In [1]:
%matplotlib inline

## Recursive Network Exercise

In this exercise, you should train a recursive neural network which can estimate the _free energy_ of an _RNA secondary structure_. In biology, RNA sequences fold to so-called secondary structures and it is assumed that secondary structures are preferred which have little free energy. Free energy is minimized if base pairs are joined in stable pairs.

For this task, though, you do not need to know anything about the actual biological specifics. You can just train a recursive neural net which infers the correct energy (a simple scalar) from a given tree.

### Report

For the report, please describe the architecture that you used to solve the task and generate the following plot. After training the network, generate 100 further trees and record for each tree the size using the `recursive_oracle.tree_size` function and the error `abs(y - y_predicted)`. Plot error against tree size in a scatter plot.

<strong>Note:</strong> Please use the `exercise_sheet_template.tex` to generate your report. Your report is due on *Friday, March 15th, 10am* as single-page PDF to [aschulz@techfak.uni-bielefeld.de](mailto:aschulz@techfak.uni-bielefeld.de). Please start your e-mail subject with the words *[Deep Learning]*.

### Advice

Do not try to map directly to the energy because a one-dimensional encoding may carry too little information. Rather, apply a recursive neural network to a low-dimensional encoding space first and then another neural network which predicts from the encoding the free energy.

Further, this predictive task is not super easy, so do not try to achieve perfect error values. If you manage to stay consistently below an error of 1 this is already a good result.

In [2]:
# For this exercise, we already provide data generation function (an 'oracle')
# which we can use
from recursive_oracle import generate_rna_tree

# let's have a look at an example tree and its energy value.
# Executing this cell multiple times will yield different trees.
x, y = generate_rna_tree()
print('the tree %s has energy value %g' % (str(x), y))

the tree pair(g, pair(g, pair(c, hairpin(a, hairpin(a, hairpin(g, hairpin_end(g)))), g), u), u) has energy value 2.06355


In [67]:
import torch
from torch.autograd import Variable

class RecursiveNet(torch.nn.Module):
    def __init__(self, dim, arity_alphabet):
        
        super(RecursiveNet, self).__init__()
        self.dim = int(dim)
        self.arity_alphabet = arity_alphabet
        self.embed = torch.nn.Embedding(len(arity_alphabet), dim)
        self.noise = torch.nn.Embedding(len(arity_alphabet), dim)
        self.constants = torch.nn.ParameterDict()
        self.layers = torch.nn.ModuleDict()
        self.l1 = torch.nn.Linear(2 * dim, dim)

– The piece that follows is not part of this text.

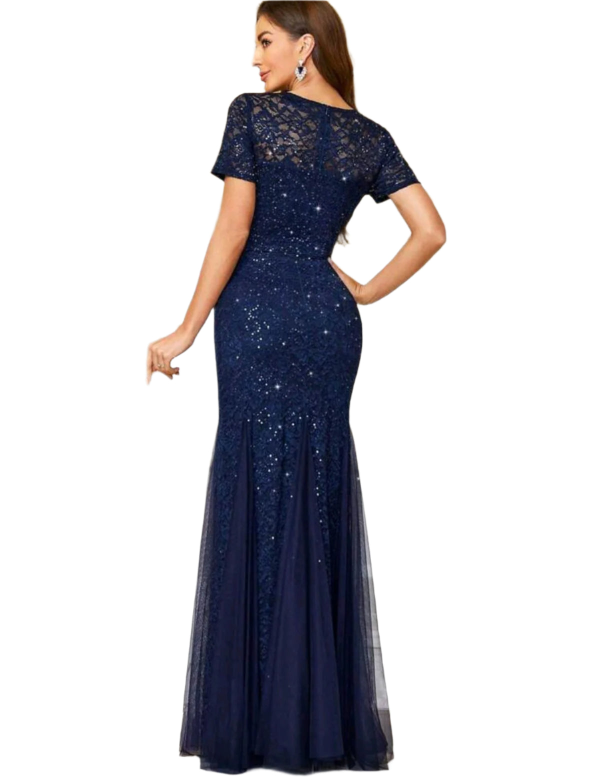 Címke nélküli, sötétkék flitteres estélyi ruha. Rövid ujjú, csipkés felsőrésszel és kerek nyakkivágással, amely eleganciát sugároz. Testhezálló szabás, flitteres díszítés és alsó részén tüllbetétek teszik különlegessé. Tökéletes választás esküvőkre, bálokra és elegáns eseményekre.

        for symbol, arity in self.arity_alphabet.items():
            if(arity == 0):
                self.constants[symbol] = torch.nn.Parameter(torch.randn(self.dim))
            else:
                self.layers[symbol] = torch.nn.Linear(arity * self.dim, self.dim)
        self.sigmoid = torch.nn.Sigmoid()
        self.softmax = torch.nn.Softmax()

    def forward(self, T):
        
        arity = self.arity_alphabet[T.label]
        if(len(T.children) != arity):
            raise ValueError('Expected %s children for a node with label %s but got %d children.' % (
                arity, T.label, len(T.children)))
        if(arity == 0):
            return self.sigmoid(self.constants[T.label])
        child_encodings = []
        for child in T.children:
            child_encodings.append(self.forward(child))
        child_encodings = torch.cat(child_encodings)
        encoding = self.layers[T.label](child_encodings)
        #encoding = self.embed(Variable(torch.LongTensor([self.arity_alphabet[T.label]])))
        #encoding = self.sigmoid(encoding)
        encoding = self.sigmoid(encoding)
        return encoding
    
k = 1
rna_arity_alphabet = {'dangle_end' : 1, 'dangle' : 2, 'split' : 2,'branch' : 2,'pair' : 3,'hairpin' : 2,
                  'hairpin_end' : 1,'c' : 0, 'g' : 0, 'a' : 0, 'u' : 0}
model = RecursiveNet(k, rna_arity_alphabet)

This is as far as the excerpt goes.